日本舞踊,音楽の分類名称。能狂言釣狐』を歌舞伎舞踊化したもの,またはそれに関連する三味線音楽。寛文以来『こんくわい (こんかい) 』『狐釣』などの名で行われ,右近源左衛門なども舞い,その他元禄の歌舞伎狂言にも取入れられた。古浄瑠璃の『信田妻』系の『こんくわい』は,『松の葉』『松の落葉』などに記され,地歌として伝えられるものもあるほか,信田妻と釣狐とを結びつけたものが半太夫節以下に行われる。また,曾我の対面と結びつけた「釣狐の対面」は1世中村仲蔵の明和7 (1770) 年江戸中村座の『鏡池俤 (おもかげ) 曾我』以来であるが,それを常磐津舞踊化したものが残っている。
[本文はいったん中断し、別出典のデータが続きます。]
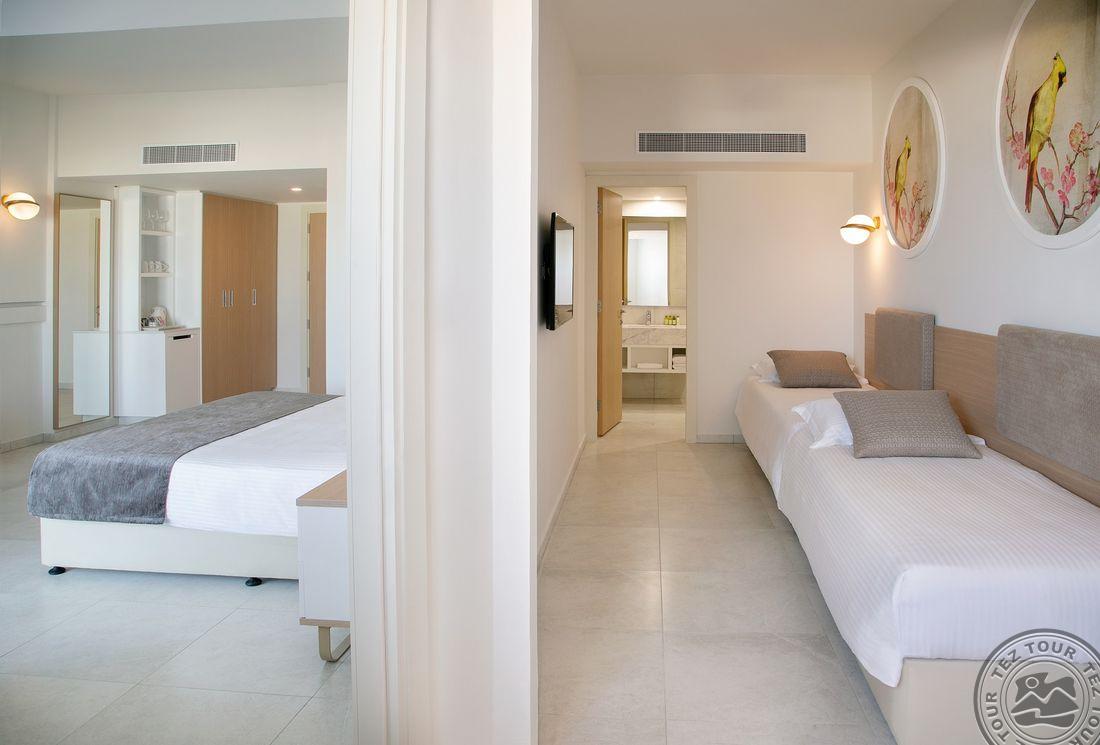 Skoningas, gražus. Centras apie 15 min pėstute. Šalia vieno gražiausių Nissi paplūdimio. 2019 m. pastatytas. 300 kambarių, visi su balkonu. Superior kambariai yra žemiausia kategorija. Turi kambarių pritaikytų neįgaliesiems. Yra visi maitinimo tipai. Pasirinkus HB, vakarienę galima iškeisti į pietus. Šildomas tik vidaus baseinas. Soft animacija, yra vaikų klubas. Lankymo metu buvo daug šeimų su vaikais. Matėm superior sea view kambarius, labai geri ir gražūs. Daugumas kambarių su voniomis. Labai geras maistas. Executive kambarys yra miegamasis atskirtas durimis ir svetainė. Vaikai miega ant išlankstomų sofų-lovų. Yra kur išeiti pasivaikščioti. Prabangesniam poilsiui.

また朝比奈と結びついたものは「朝比奈の釣狐」という。 (1) 地歌『こんかい』 岸野次郎三郎作曲,多門庄左衛門作詞。『松の葉』収載。三下り端歌,芝居歌物。 (2) 半太夫節『神刀小鍛冶初午参 (はつうままいり) 』5段目。 (3) 河東節『信田妻釣狐之段』 (2) を独立させたもの。なお,嘉永6 (1853) 年9世十寸見河東が編曲,1世宇治紫文斎作曲の一中節との掛合に改曲。 (4) 常磐津節『寄罠娼釣髭 (てくだのわなきゃつのつりひげ) 』 通称朝比奈釣狐』。文政8 (25) 年江戸中村座初演。2世桜田治助作詞,岸沢仲助作曲。 (5) 常磐津節『若木花容彩四季 (すがたのさいしき) 』 天保9 (38) 年江戸市村座初演。中村重助作詞,5世岸沢式佐作曲。 (6) 常磐津節『余波五色花魁香 (おんなごりごしきのはなかご) 』 俗称『郭釣狐』。嘉永2 (49) 年江戸市村座初演。3世桜田治助作詞,5世岸沢式佐作曲。 (7) 常磐津節『釣狐郭掛罠 (さとのかけわな) 』  1892年東京歌舞伎座初演。右田寅彦,河竹新七作詞,6世岸沢式佐作曲。 (8) 長唄『釣狐春乱菊』 明和7年の仲蔵所演のものの改訂か。名古屋に伝わる。